THE AESTHETIC: COLORS IN NATURE



                             


We have touched upon the philosophical notion of aesthetics. Actually, the various other philosophical views are principally a different reciting of the same or similar ideas. We will now consider a scientific conception of aesthetics and beauty.

It is contended that we approach art through the needs, skills, and capacities of human organism. More specifically, what we need creates a desire on our part. Whatever satisfies that desire has a quality of beauty to us.

In other words, whatever is pleasurable is a kind of beauty, if by beauty we mean that which is harmonious. A sound may be beautiful. A color or from may be beautiful. Even a taste or feeling can be beautiful from the pleasurable point of view.

Psychology pursued further the question of whether beauty is totally subjective, that is, indwelling, or partly related to the physical properties within the object we call beautiful. In one scientific study, 4556 university students were subjected to a test.

Their preferences in colors were found to be in this order: BLUE, RED, VIOLET, GREEN, and ORANGE. This order of preference was found among students of different races and cultures. Why was this so? Science offered no explanation except that such preference was probably related to the human organism.

We can further surmise that this preference was due to man’s gradual evolutionary relationship to his environment. The colors which were preferred are the ones most commonly displayed in the various phenomena of nature which we experience.

Common examples are blue skies, red and violet sunsets, and green foliage. These are what men came to adopt as being in harmony with their feelings.

Further, tests have shown that extroverts tend to prefer vivid colors. This is perhaps due to the organism’s capacity to accommodate to different degrees of stimulus. An extrovert is more physically dynamic. He has a greater physical drive. Consequently, more vivid colors provide that stimulus to which he is accustomed.

On the other hand, the introvert responds to more subdue colors. The more vivid colors are over-stimulating to the introvert. He would not consider them beautiful, but rather harsh, or even irritating. Different colors produce certain moods. Consequently, some colors have been judged as angry, soothing, melancholic, warm, lively, and so forth.

Our own subconscious may produce images of beauty in our minds. We then try to find in nature those things which will correspond to these mental images. When we do, we say that they are beautiful. This behavior is technically called HYPNAGOGIC IMAGERY.

A person with such a quality may close his eyes and experience a whole new world of visual activity. Many artists are said to express a debt to this inner world of colors and form which they experience. Certainly the beauty of poetry is an objectification of the mental image of beauty had by the poet.

We can, therefore, make our world more beautiful. Or we can limit it to a few kinds of physical beauty. The search for beauty in the aesthetic category of life begins within us. It begins with the sensing and realization of the inner harmony and sensitivity of our own being.
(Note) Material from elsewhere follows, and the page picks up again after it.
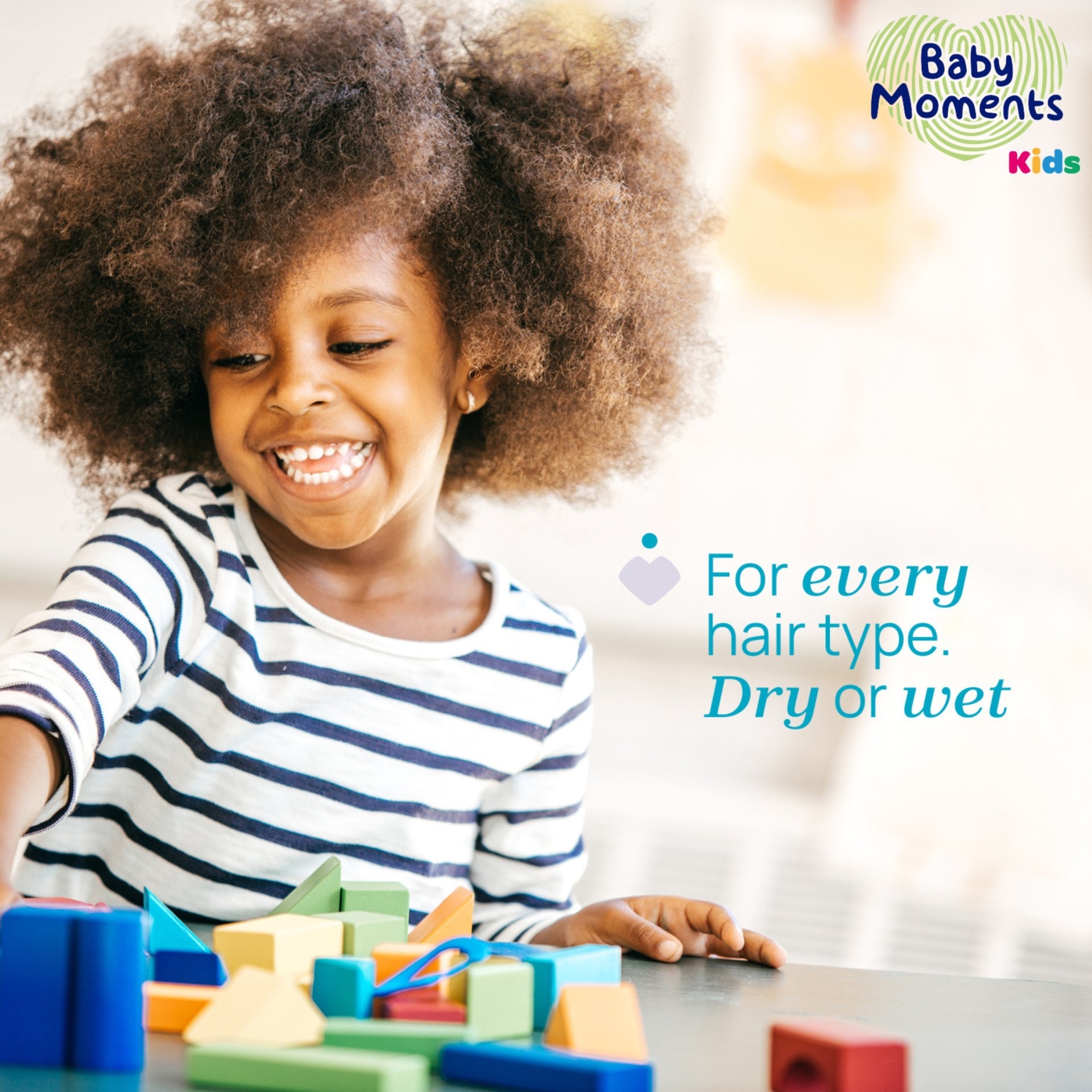 مقدار کافی از اسپری را روی موی خشک یا مرطوب کودک اسپری کرده و سپس با شانه‌ی نرم، موها را به‌آرامی برس بکشید.

It then consists in cultivating the more subtle sentiments we have. When we thrill to these more subtle sensations psychically in meditation, we then seek to objectify them. We desire to make matter, the physical world, assume an order, a form that will complement our inner feelings. When we do this, the aesthetic category of life is triumphant.

One of the Greek philosophers cited an example of this relationship of the world to the aesthetic self. He said that a sculptor begins with a block of marble. The sculptor then physically impresses upon it  the ideal of beauty, the form, which he sees and feels within himself. The statue only becomes outwardly beautiful when it corresponds to the artist’s inner beauty.